Step 2: Find the value of one part.
Divide the total quantity by the total number of parts. $\frac{\$50}{5} = \$10$. So, one part is worth $10.

Step 3: Multiply to find each share.
Multiply the value of one part by each number in the ratio.

• Alex's share: $3 \times \$10 = \$30$
• Ben's share: $2 \times \$10 = \$20$

You can always check your work by adding the shares together to make sure they equal the original total: $\$30 + \$20 = \$50$.

Working with More Than Two Parts

The method is exactly the same when sharing between three or more parts. Suppose a prize of $120 is to be shared between three winners, Anna, Bella, and Chloe, in the ratio 3:2:1.

Step 1: Total parts = $3 + 2 + 1 = 6$
Step 2: Value of one part = $\frac{\$120}{6} = \$20$
Step 3: Find each share:

• Anna: $3 \times \$20 = \$60$
• Bella: $2 \times \$20 = \$40$
• Chloe: $1 \times \$20 = \$20$

Step 4: Check: $\$60 + \$40 + \$20 = \$120$

Simplifying Ratios Before Sharing

Sometimes, the ratio you are given can be simplified, just like a fraction. This makes the numbers smaller and easier to work with. To simplify a ratio, divide all the parts by the same number. For example, the ratio 6:4:2 can be simplified by dividing each part by 2, giving the simpler ratio 3:2:1. The proportional relationship is exactly the same. It is always a good idea to simplify the ratio first if possible.

Real-World Applications of Ratio Sharing

Sharing in a ratio is not just a math class exercise; it is a skill used constantly in daily life and various professions.

In Everyday Life:

• Splitting a Bill: If three friends eat out and agree to split the $75 bill in the ratio of what they ordered (e.g., 2:2:1), they can use this method to find out how much each owes fairly.
• Scaling Recipes: If a cookie recipe for 10 people uses flour and sugar in a 3:1 ratio, and you need to make it for 25 people, you can scale up the ingredients while maintaining the correct ratio.
• Mixing Concrete or Paint: DIY projects often require mixing components in specific ratios, like cement, sand, and gravel in a 1:2:3 ratio to make concrete.

In Business and Finance:

• Profit Sharing: If three partners invest different amounts of money into a business, they will often share the profits in the same ratio as their investments.

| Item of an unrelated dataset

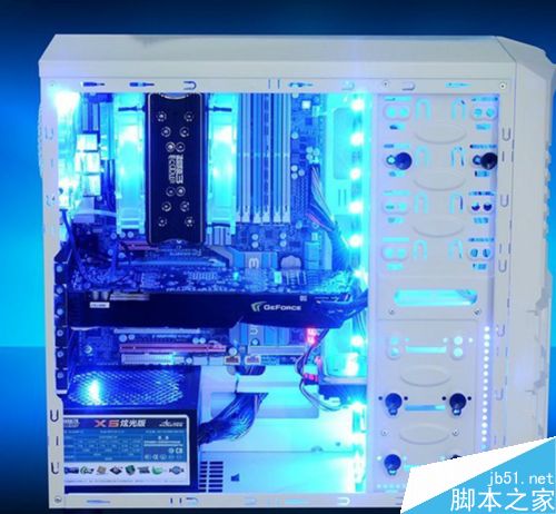 10、裝機就完成了,如果你機箱是側透的,可以裝條旋光燈,就好看多了,不是側透的就沒有畢要了,可以走背線的機箱,線就放后面,這樣看起來美觀,裝完后理下線,該綁起來的用扎帶綁好,看起來也舒服。
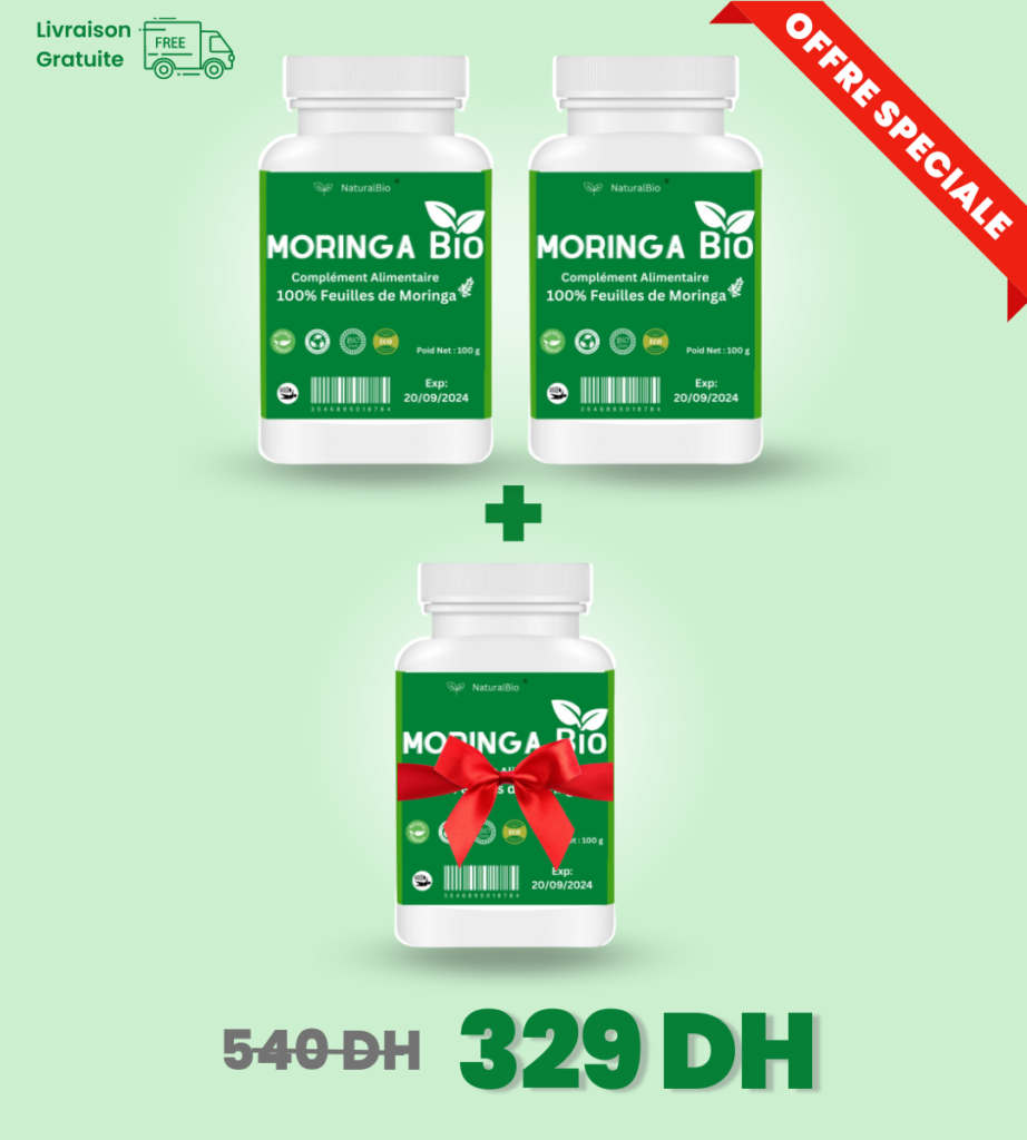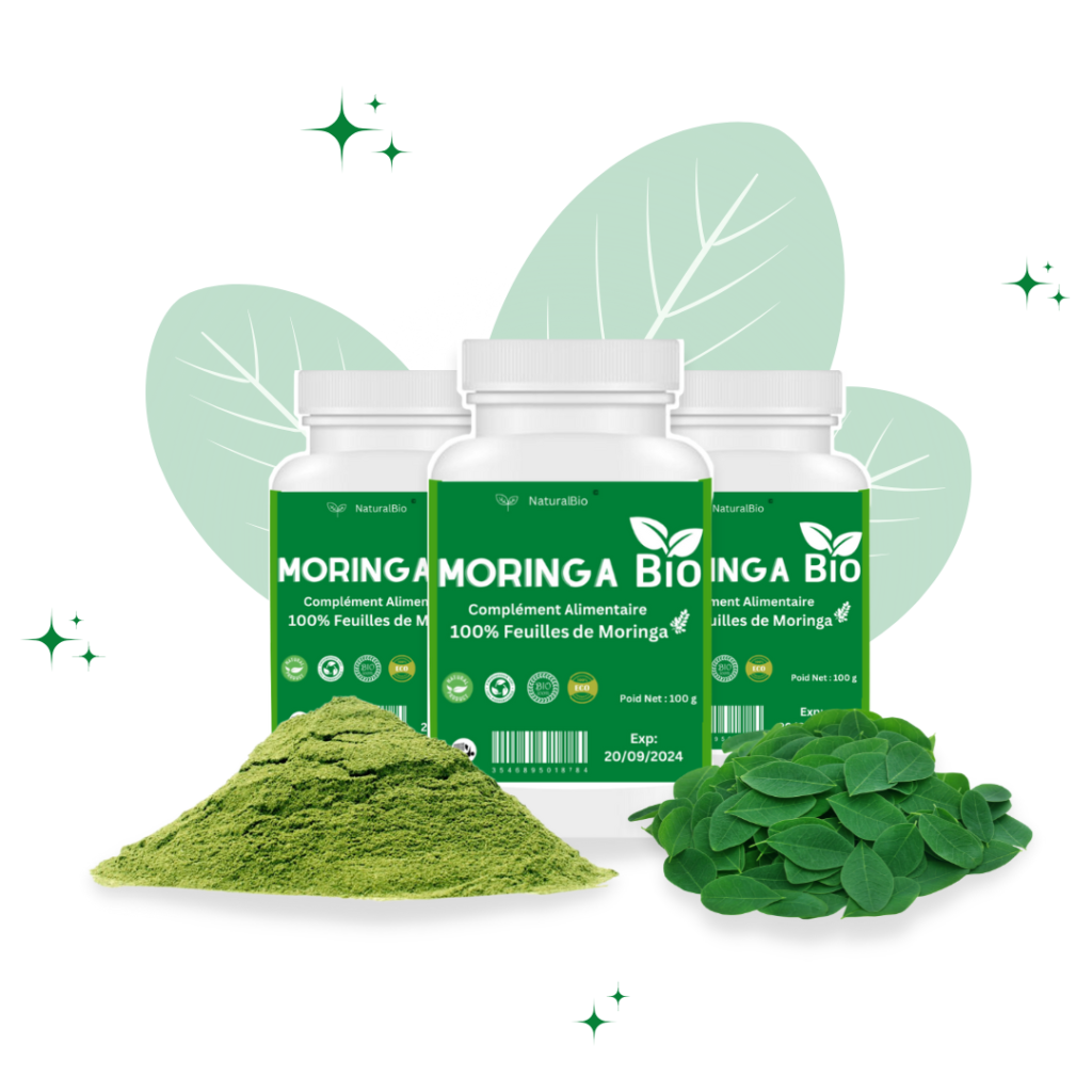 La poudre de Moringa est issue du Moringale un arbre tropical originaire d’Inde. Ses feuilles ont des grandes propriétés nutritionnelles. Elles sont riches en :

An investor who put in twice as much money as another gets twice the share of the profits.
• Allocating Resources: A school might allocate its budget for sports equipment to different sports teams based on the ratio of team members.

In Science:

• Chemical Compounds: Many chemical compounds are formed when elements combine in fixed ratios. For example, the water molecule H2O has a ratio of 2:1 for hydrogen to oxygen atoms.
• Drug Dosages: Medicine is often prescribed based on a patient's weight, establishing a ratio of milligrams of drug per kilogram of body weight.

Solving Different Types of Ratio Problems

Sometimes, you are not given the total amount to be shared. You might be given the value of one share or the difference between two shares. The problem-solving strategy adjusts slightly for these cases.

Example 1: Given the value of one part.
A sum of money is shared between Tom and Jerry in the ratio 5:4. If Jerry gets $28, how much does Tom get, and what was the total amount?
Jerry's share corresponds to 4 parts. So, 4 parts = $28.
Value of one part = $\frac{\$28}{4} = \$7$.
Tom's share (5 parts) = $5 \times \$7 = \$35$.
Total amount = $\$35 + \$28 = \$63$.

Example 2: Given the difference between shares.
Money is shared between two sisters in the ratio 7:5. If the older sister receives $30 more than the younger sister, what was the total shared?
The difference in the ratio parts is $7 - 5 = 2$ parts.
This difference is equal to $30. So, 2 parts = $30.
Value of one part = $\frac{\$30}{2} = \$15$.
Total parts = $7 + 5 = 12$.
Total amount = $12 \times \$15 = \$180$.

Common Mistakes and Important Questions

Footnote

^[1] Proportional Relationship: A relationship between two quantities where the ratio of one quantity to the other is constant. This means that if you double one quantity, the other also doubles, maintaining the same ratio. This is the core idea behind sharing in a ratio.